Perhaps to hide the criminal neglect of his talent, Buchholz flashed his potential like a fake badge, striking out 5 in the 3rd and 4th innings. In the 4th he whiffed Luke Scott on an archetypal changeup, down and away, a pitch that added to the sum total of beauty in the world.
But true baseball beauty comes in patterns and repetition. The mechanical aspect of pitching in command is the discipline to duplicate previous motions; Clay was not pitching so much as his body was throwing, and save that one stretch, was not in control of anything. With 5 walks and 107 pitches in 5 innings, he fought a losing battle.

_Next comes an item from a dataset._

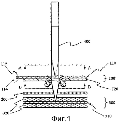 Теперь настоящее изобретение будет описано более подробно со ссылками на фиг.1, схематически показывающую крайнюю снаружи часть в процессе, когда в структуру элемента в соответствии с настоящим изобретением проникает гвоздь.

The game as a whole had no bones; and before the last gasp failed rally in the 9th, the Fenway crowd was unusually silent. Sox hitters uncharacteristically took a rather blase approach to mediocre Orioles starter Brian Burres, who somehow made it into the 7th inning with a low pitch count despite walking 3. Instead of the grinding approach characteristic of the Sox that erodes top starters and pulverizes the middling, the Sox seemed to think that with minimal effort on their part, the bats would hit Burres' underwhelming stuff for them. But sluggish is not slugging, and the Sox failed to capitalize on the Yanks and Tampa losses.